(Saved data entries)
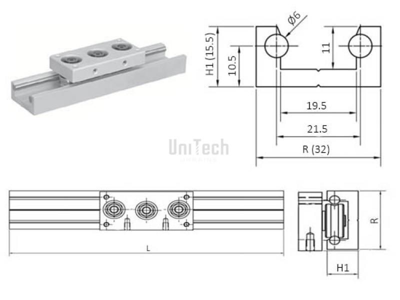Рельса роликовая CI 32 R=32 H1=15,5
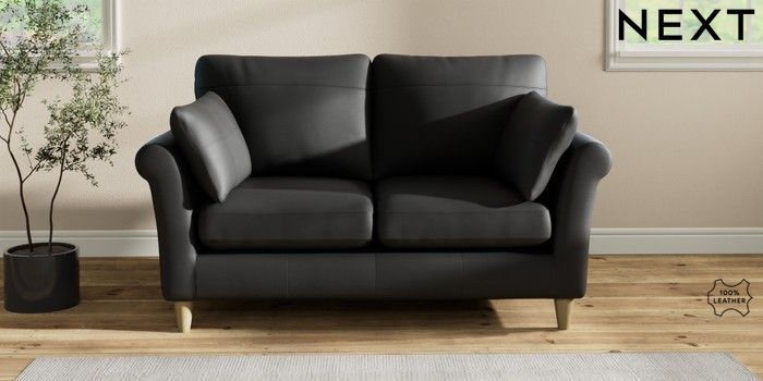 7.2.6 Buy Oakham Leather 2 Seater Sofa Columbia Black Low Conical - Light from the Next UK online shop Click here to use our accessible website
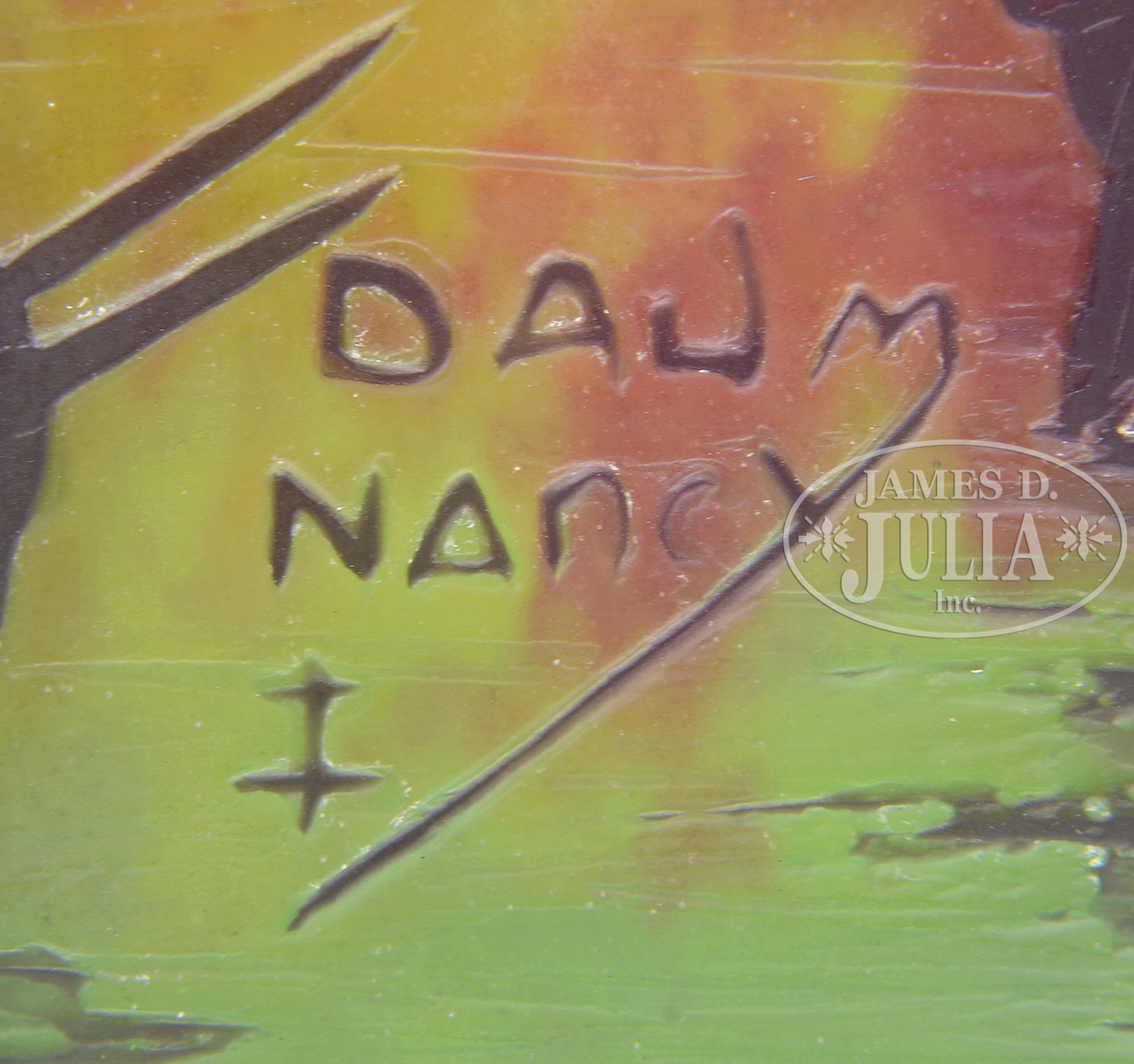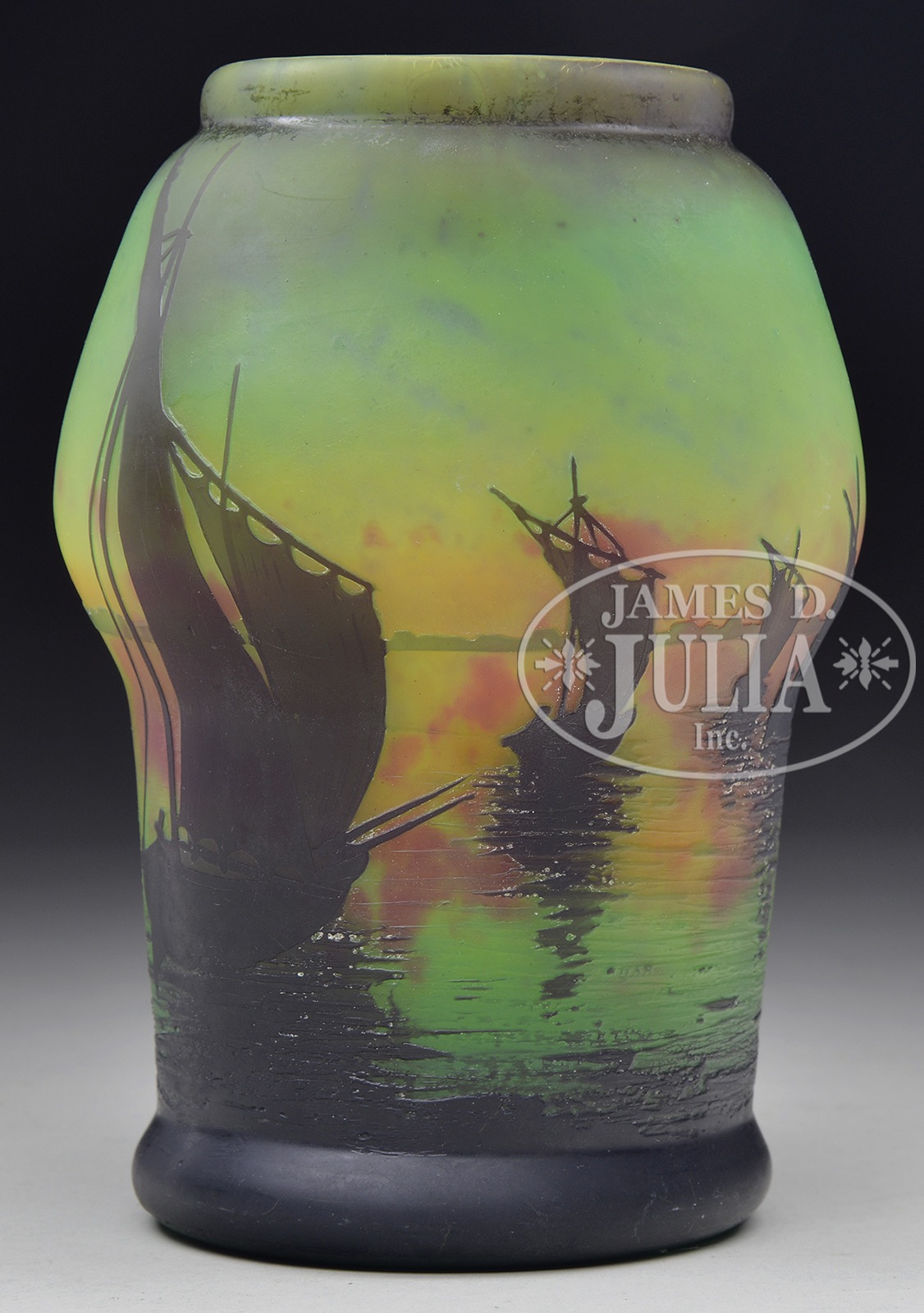 DAUM NAUTICAL VASE.Daum nautical vase has brown cameo decoration of numerous sailboats in a harbor. The boats are set against a green shading to mottled yellow and orange background. Signed on the side in cameo Daum Nancy with the Cross of Lorraine. SIZE: 7-3/4″ t. CONDITION: Very good to excellent. 5-68883 (1,500-2,500) – Lot 2112
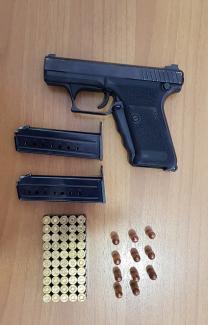 Κατασχέθηκαν το πιστόλι, τα φυσίγγια, οι γεμιστήρες και η θήκη του όπλου.
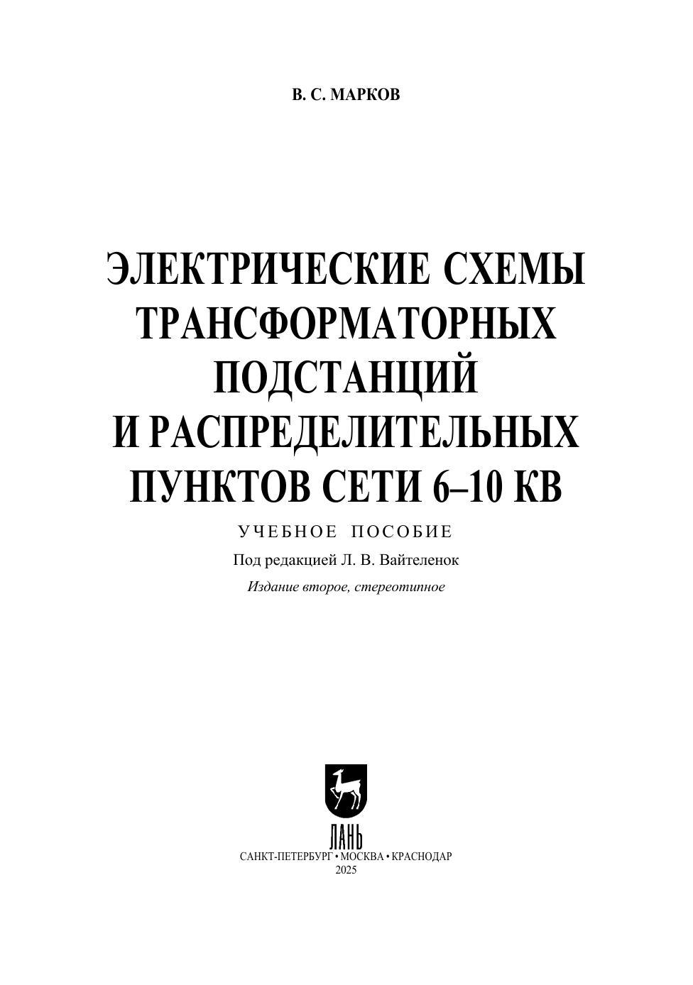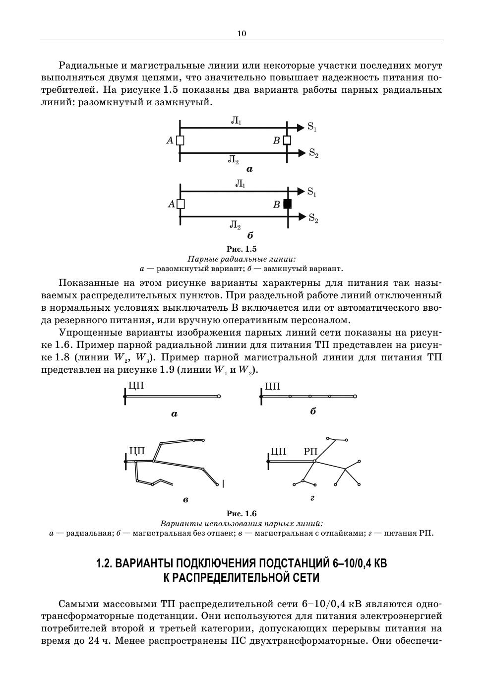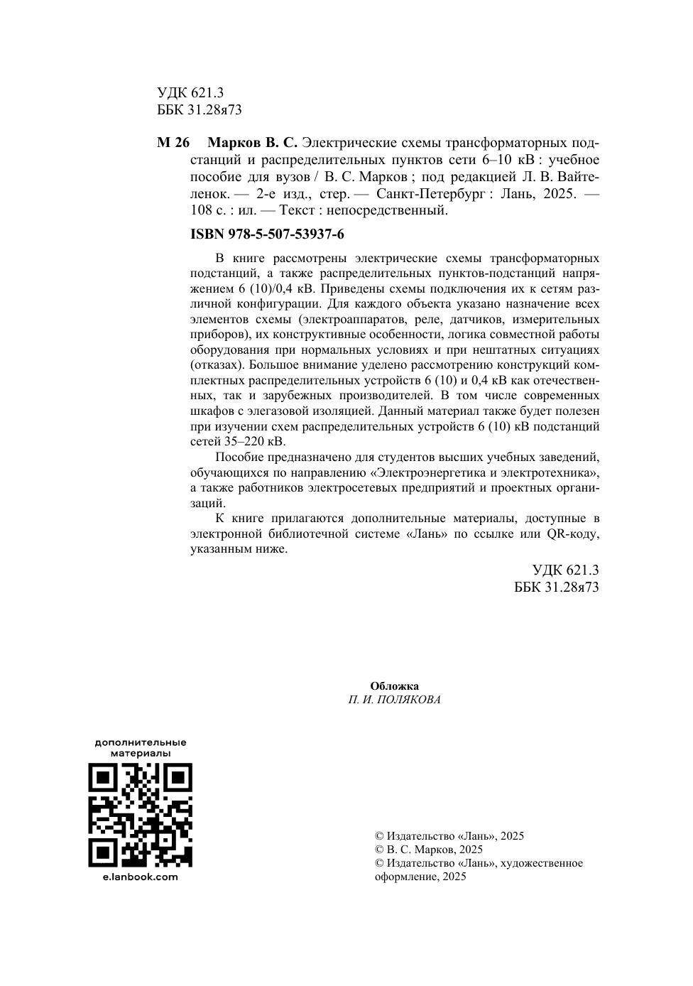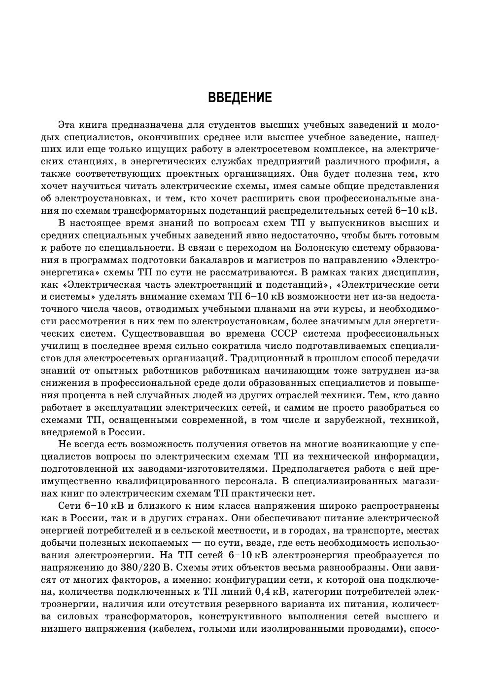 В книге рассмотрены электрические схемы трансформаторных подстанций, а также распределительных пунктов-подстанций напряжением 6 (10)/0,4 кВ. Приведены схемы подключения их к сетям различной конфигурации. Для каждого объекта указано назначение всех элементов схемы (электроаппаратов, реле, датчиков, измерительных приборов), их конструктивные особенности, логика совместной работы оборудования при нормальных условиях и при нештатных ситуациях (отказах). Большое внимание уделено рассмотрению конструкций комплектных распределительных устройств 6(10) и 0,4кВ как отечественных, так и зарубежных производителей. В том числе современных шкафов с элегазовой изоляцией. Данный материал также будет полезен при изучении схем распределительных устройств 6 (10) кВ подстанций сетей 35–220 кВ. Пособие предназначено для студентов высших учебных заведений, обучающихся по направлению «Электроэнергетика и электротехника», а также работников электросетевых предприятий и проектных организаций. К книге прилагаются дополнительные материалы, доступные в электронной библиотечной системе «Лань» по ссылке или QR-коду, указанным ниже.
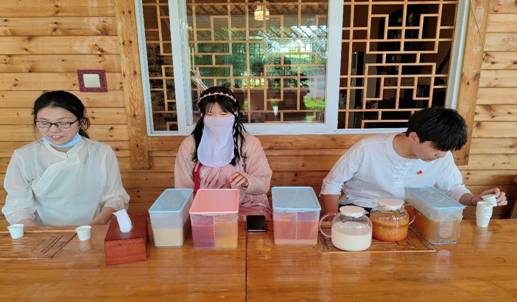 在新式茶饮区,有AC米兰茶文化专业师生自制冷泡茶、柠檬红茶、奶茶、果茶等品类丰富的新式茶饮。新式茶饮含茶的比例较高,并加入牛奶、果汁、水果进行调配,更受师生青睐,获得一致好评。
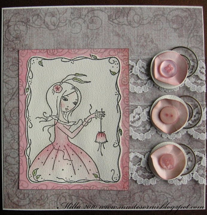 Greetings from behind piles of diapers! ;) I have managed to tear myself away from The Tiny One enough to make a few cards although I haven't had time to post them in my blog. I'll post this one quickly as I'll submit it to the "new and improved" Sugar Bowl challenge. The sketch is by Lilian (and what a fab sketch it is!) and the theme is pink, black and white. Fortunately for me it's not obligatory to follow the theme as black turned out to be grey in my card! ;) From now on I won't list the ingredients of my cards as I only have limited amount of time to spend blogging but if you have any questions regarding the ingredients (or anything else for that matter!), please ask. The stamp, however, is by Leanne Ellis for Sugar Nellie and it's called Belle Flower.
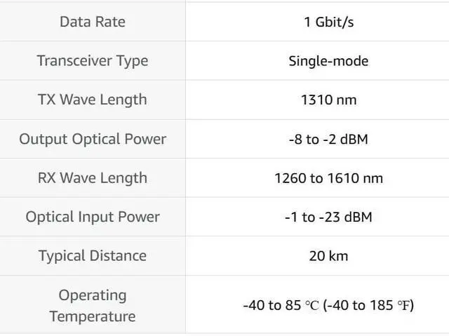 Compliant with IEEE 802.3 z ^^ 1310nm Single-mode, 1000Base-LX ^^ 20km transmission distance ^^ 1.0625G bd Fiber Channel/ 1.25 Gigabit Ethernet ^^ Differential LVPECL inputs and outputs ^^ TTL signal detect indicator ^^ Class 1 laser product complies with EN 60825-1 ^^ Wide operating temperature -40 to 85
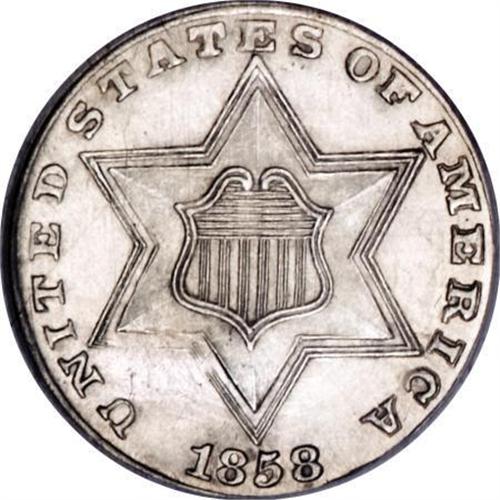 <B>1858 3CS MS65 NGC.</B></I> The final issue of the Type Two design; a brilliant Gem with frosty silver luster and untoned surfaces. Both sides are sharply detailed, including prominent clash marks in the fields. This lovely piece will grace even the finest cabinet. Census: 43 in 65, 31 finer (1/08).<BR><I>From The Southwest Collection.</B></I><BR><BR><B>Coin Engraver:</B> James B. Longacre<BR><BR><b>Shipping:</b> Coins & Currency (<a target="_blank" href="http://www.heritageauctions.com/common/shipping.php">view shipping information</a>)
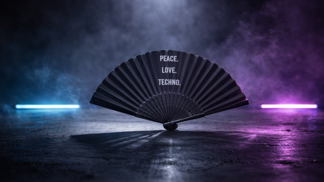 2 Pack Set Techno Rave Handfächer - Fächer klein stabil schwarz Bambus Holz - Sommer Hand Fan Asiatische Deko für Geburtstag, Party, Club, Festival, Rave
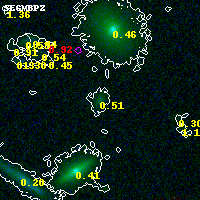 Object #838 x,y = (2970, 3778) RA, Dec = (00:32:09.288, 18:09:09.36) = (8.03870, 18.15260) BPZ = 0.507 [0.240--0.682] type = 6.70 (Scd_B10 - Sbc_B10) chisq2 = 0.00 ODDS = 0.47 z_cluster = 0.396
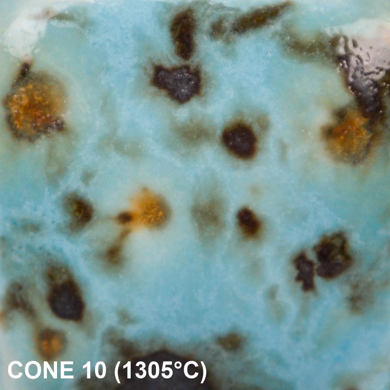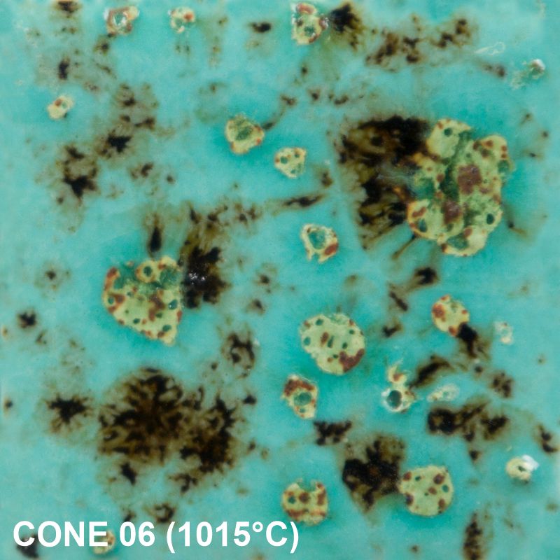 - Brennempfehlung: 999 °C – 1046 °C (CONE 05-06) bei höheren Temperaturen werden die Farben blasser
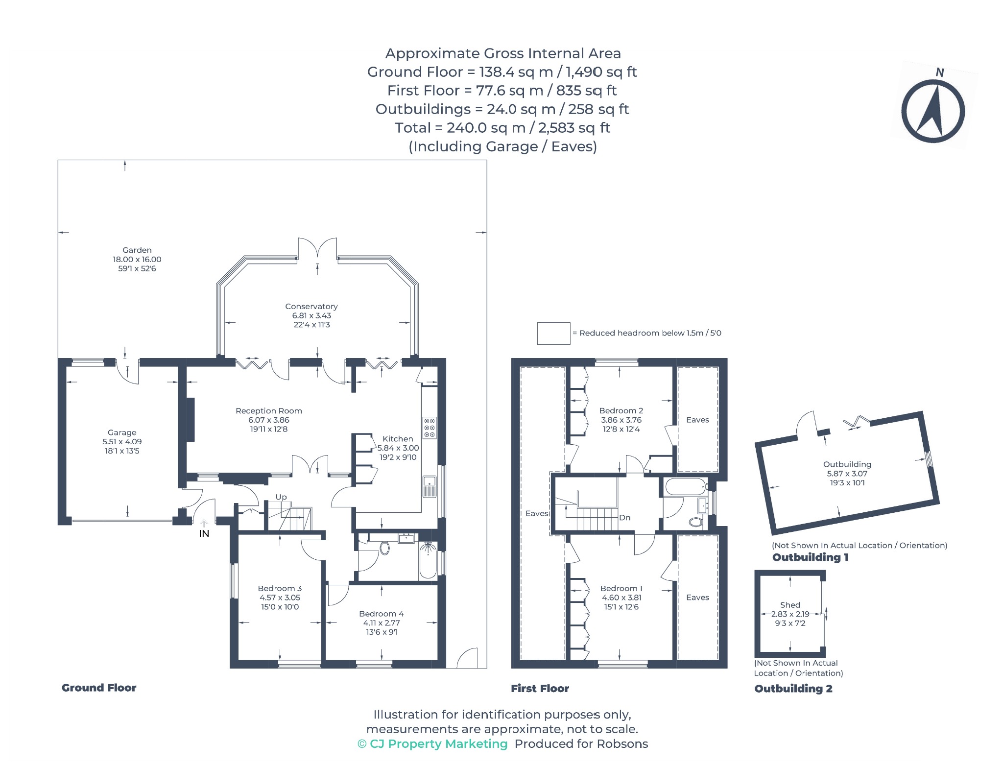 The ground floor comprises a large reception room with an adjoining conservatory, a well-equipped kitchen/breakfast room, a luxury family bathroom, and two double bedrooms. The first floor hosts two larger double bedrooms, both with fitted wardrobes, a second family bathroom, and access to eaves storage.

### Task item:
What is needed is an exact printout of all the entries, without the pictures.

### Reply:
Рельса роликовая CI 32 R=32 H1=15,5
 7.2.6 Buy Oakham Leather 2 Seater Sofa Columbia Black Low Conical - Light from the Next UK online shop Click here to use our accessible website
 DAUM NAUTICAL VASE.Daum nautical vase has brown cameo decoration of numerous sailboats in a harbor. The boats are set against a green shading to mottled yellow and orange background. Signed on the side in cameo Daum Nancy with the Cross of Lorraine. SIZE: 7-3/4″ t. CONDITION: Very good to excellent. 5-68883 (1,500-2,500) – Lot 2112
 Κατασχέθηκαν το πιστόλι, τα φυσίγγια, οι γεμιστήρες και η θήκη του όπλου.
 В книге рассмотрены электрические схемы трансформаторных подстанций, а также распределительных пунктов-подстанций напряжением 6 (10)/0,4 кВ. Приведены схемы подключения их к сетям различной конфигурации. Для каждого объекта указано назначение всех элементов схемы (электроаппаратов, реле, датчиков, измерительных приборов), их конструктивные особенности, логика совместной работы оборудования при нормальных условиях и при нештатных ситуациях (отказах). Большое внимание уделено рассмотрению конструкций комплектных распределительных устройств 6(10) и 0,4кВ как отечественных, так и зарубежных производителей. В том числе современных шкафов с элегазовой изоляцией. Данный материал также будет полезен при изучении схем распределительных устройств 6 (10) кВ подстанций сетей 35–220 кВ. Пособие предназначено для студентов высших учебных заведений, обучающихся по направлению «Электроэнергетика и электротехника», а также работников электросетевых предприятий и проектных организаций. К книге прилагаются дополнительные материалы, доступные в электронной библиотечной системе «Лань» по ссылке или QR-коду, указанным ниже.
 在新式茶饮区,有AC米兰茶文化专业师生自制冷泡茶、柠檬红茶、奶茶、果茶等品类丰富的新式茶饮。新式茶饮含茶的比例较高,并加入牛奶、果汁、水果进行调配,更受师生青睐,获得一致好评。
 Greetings from behind piles of diapers! ;) I have managed to tear myself away from The Tiny One enough to make a few cards although I haven't had time to post them in my blog. I'll post this one quickly as I'll submit it to the "new and improved" Sugar Bowl challenge. The sketch is by Lilian (and what a fab sketch it is!) and the theme is pink, black and white. Fortunately for me it's not obligatory to follow the theme as black turned out to be grey in my card! ;) From now on I won't list the ingredients of my cards as I only have limited amount of time to spend blogging but if you have any questions regarding the ingredients (or anything else for that matter!), please ask. The stamp, however, is by Leanne Ellis for Sugar Nellie and it's called Belle Flower.
 Compliant with IEEE 802.3 z ^^ 1310nm Single-mode, 1000Base-LX ^^ 20km transmission distance ^^ 1.0625G bd Fiber Channel/ 1.25 Gigabit Ethernet ^^ Differential LVPECL inputs and outputs ^^ TTL signal detect indicator ^^ Class 1 laser product complies with EN 60825-1 ^^ Wide operating temperature -40 to 85
 <B>1858 3CS MS65 NGC.</B></I> The final issue of the Type Two design; a brilliant Gem with frosty silver luster and untoned surfaces. Both sides are sharply detailed, including prominent clash marks in the fields. This lovely piece will grace even the finest cabinet. Census: 43 in 65, 31 finer (1/08).<BR><I>From The Southwest Collection.</B></I><BR><BR><B>Coin Engraver:</B> James B. Longacre<BR><BR><b>Shipping:</b> Coins & Currency (<a target="_blank" href="http://www.heritageauctions.com/common/shipping.php">view shipping information</a>)
 2 Pack Set Techno Rave Handfächer - Fächer klein stabil schwarz Bambus Holz - Sommer Hand Fan Asiatische Deko für Geburtstag, Party, Club, Festival, Rave
 Object #838 x,y = (2970, 3778) RA, Dec = (00:32:09.288, 18:09:09.36) = (8.03870, 18.15260) BPZ = 0.507 [0.240--0.682] type = 6.70 (Scd_B10 - Sbc_B10) chisq2 = 0.00 ODDS = 0.47 z_cluster = 0.396
 - Brennempfehlung: 999 °C – 1046 °C (CONE 05-06) bei höheren Temperaturen werden die Farben blasser
 The ground floor comprises a large reception room with an adjoining conservatory, a well-equipped kitchen/breakfast room, a luxury family bathroom, and two double bedrooms. The first floor hosts two larger double bedrooms, both with fitted wardrobes, a second family bathroom, and access to eaves storage.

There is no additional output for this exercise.